This guide maps every active U.S. state privacy law, compares the thresholds that determine whether your business is in scope, explains the consumer rights each law requires you to support, and shows you what the 2026 changes mean in practice.

Key takeaways
  • 20 U.S. states have comprehensive data privacy laws as of 2026, up from just 1 (California) in 2018.
  • Indiana, Kentucky, and Rhode Island are the newest additions, all effective January 1, 2026.
  • Applicability thresholds vary: Rhode Island's is as low as 35,000 consumers, the lowest of any state.
  • Six core consumer rights appear in almost every state law: access, deletion, correction, portability, opt-out, and non-discrimination.
  • California is the only state with a private right of action, allowing consumers to sue for data breaches.
  • There is still no comprehensive federal privacy law, making multi-state compliance the reality for most businesses that serve U.S. customers online.
What are U.S. state privacy laws?

U.S. state privacy laws are state-level regulations that give consumers rights over how businesses collect, process, and share their personal data. As of 2026, 20 states have enacted comprehensive consumer data privacy laws. Each law sets its own applicability thresholds, consumer rights, and enforcement mechanisms, creating a patchwork framework that businesses must navigate in the absence of a single federal standard.

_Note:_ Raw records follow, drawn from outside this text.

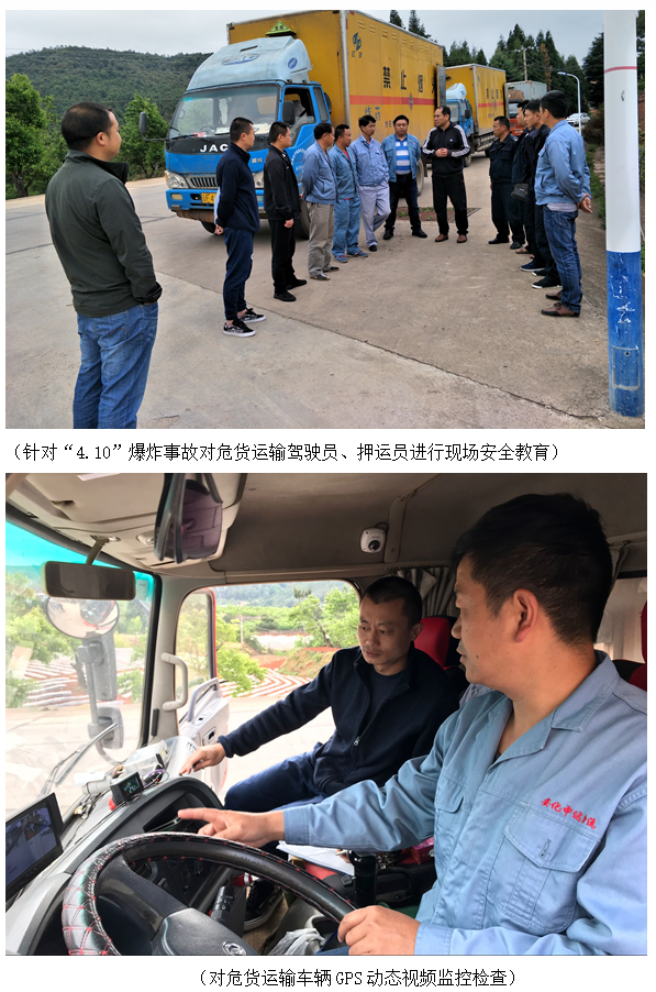 隨后,分公司生產(chǎn)車間、各部門陸續(xù)組織開展“4.10”爆炸事故全員警示教育,總結(jié)吸取事故教訓。4月18日分公司領(lǐng)導、部分管理人員分三個檢查小組對生產(chǎn)區(qū)、總庫區(qū)、特別是涉及到庫房管理、裝卸作業(yè)、運輸作業(yè)的部門進行專項檢查。重點從三個方面進行專項檢查:一是對民爆物品庫管員、裝卸作業(yè)人員警示教育情況進行抽查;二是檢查庫管員持證上崗情況;三是對中達物流玉溪分公司民爆運輸車輛衛(wèi)星定位GPS動態(tài)視頻監(jiān)控系統(tǒng)運行情況、危貨運輸從業(yè)人員資質(zhì)證書、專職押運人員配備情況、人員持證情況、出車前的檢查記錄等進行詳細檢查,對涉爆環(huán)節(jié)的專項檢查實現(xiàn)了“全覆蓋,零容忍”。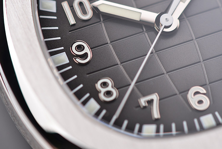 表盘:立体深灰色浮雕表盘,夜光阿拉伯数字刻度及指针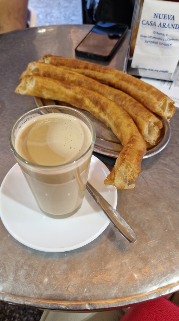 Churros are a classic in Spain. It is fried pastries, crispy on the outside and soft on the inside, often sprinkled with sugar and served with hot chocolate or caramel.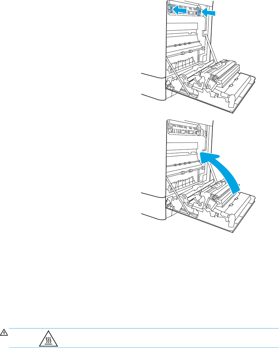 The fuser can be hot while the printer is in use. Wait for the fuser to cool before handling it.
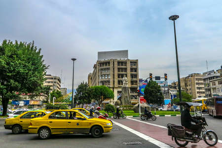 Tehran Ferdowsi Square Statue with Heavy Traffic Taxi Cars and Motorbikes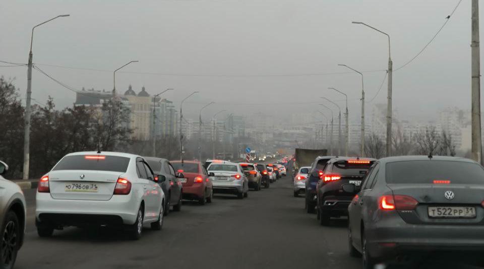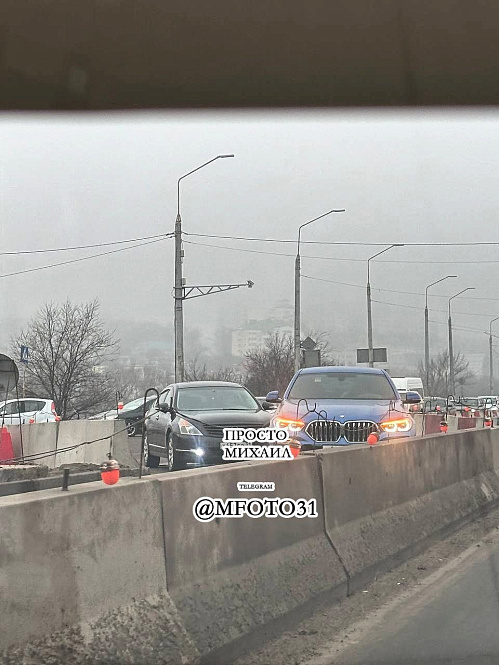 Из-за ДТП на Новом мосту в Белгороде образовалась большая пробка. Ситуацию усугубляет и то, что автомобильный мост на проспекте Ватутина сейчас ремонтируют.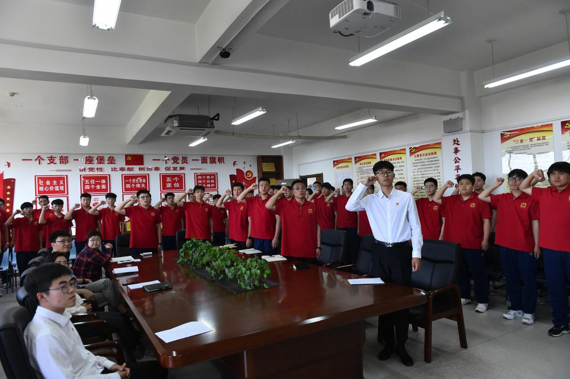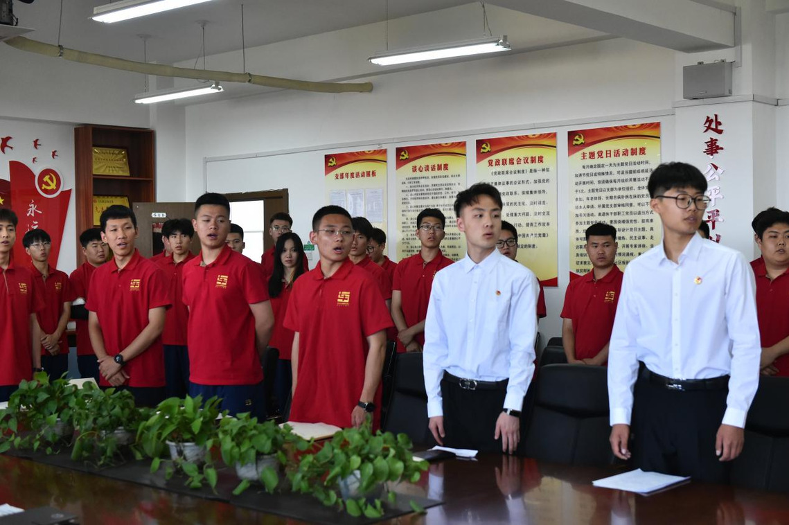 2022级机械制造及自动化专业学生范绍波带领新一期青马学员重温入团誓词,全体青马学员跟随领誓人进行了庄严宣誓。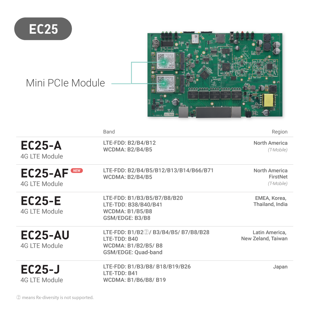 • Dual-band 4G LTE Gateway: 300Mbps(2.4GHz)+867Mbps(5GHz) with built-in 4G LTE module.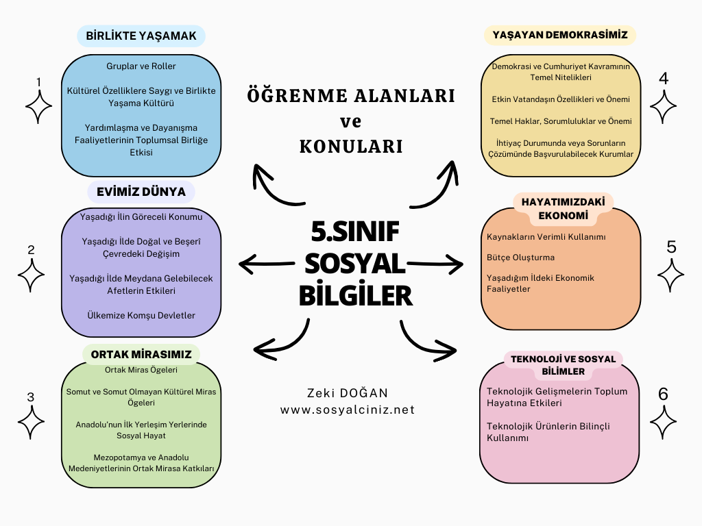 Anasayfa » 5. Sınıf 1. Öğrenme Alanı Birlikte Yaşamak » 2024-2025 5. Sınıf Sosyal Bilgiler Öğrenme Alanları ve Konuları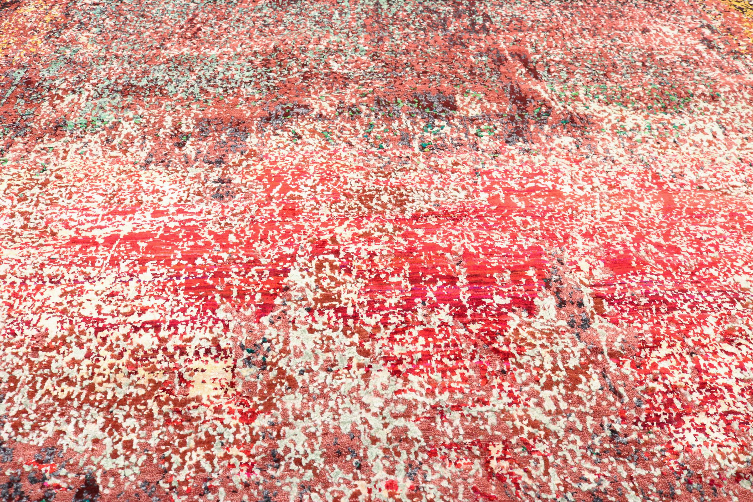 Este Sadraa é um tapete de design único, feito à mão durante meses. Os seus materiais de alta qualidade são combinados com um design muito moderno. O tapete não deixa nada a desejar. Graças ao artesanato das técnicas tradicionais de nó oriental, ele sobrevive a décadas e cargas pesadas. Foi criado por designers no estilo escandinavo, que continua a oferecer um destaque absoluto mesmo após anos. Em particular, a combinação de lã de ovelha macia e seda de bambu brilhante ou viscose proporciona uma experiência única.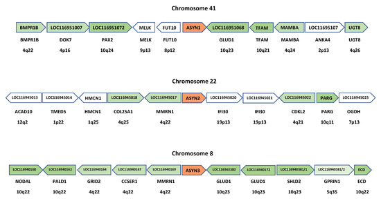 We may now explore the origin of the other two ASYN genes, which appear in the trees as close relatives to the γ-syn gene ASYN3 (Figure 4 and Figure 5). For ASYN4, which is by far the most divergent, the lack of genomic data precludes further investigating its origin. However, ASYN2 is located on Petromyzon chromosome 22, for which data are available that allow the same comparisons with human chromosomes already performed for chromosomes 8 and 41. These comparisons are also summarized in Table 2. It turns out that most genes in that chromosome have the highest similarity (“top” column) to genes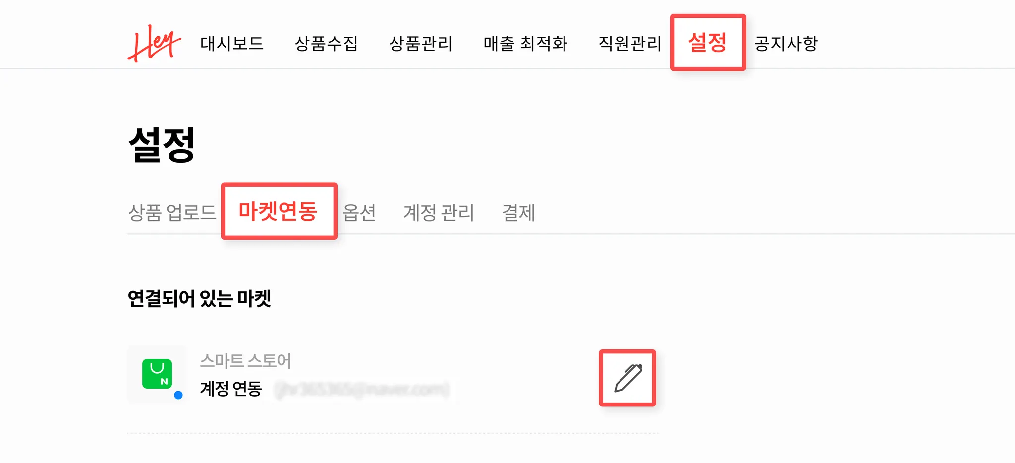 헤이셀러 설정 → 마켓연동 → 스마트스토어 왼쪽 연필모양 눌러주세요.

Which states have data privacy laws in 2026?

According to the IAPP's U.S. State Privacy Legislation Tracker, 20 states now have comprehensive consumer privacy laws on the books. The first five were California, Virginia, Colorado, Connecticut, and Utah. The most recent three, Indiana, Kentucky, and Rhode Island, became effective on January 1, 2026.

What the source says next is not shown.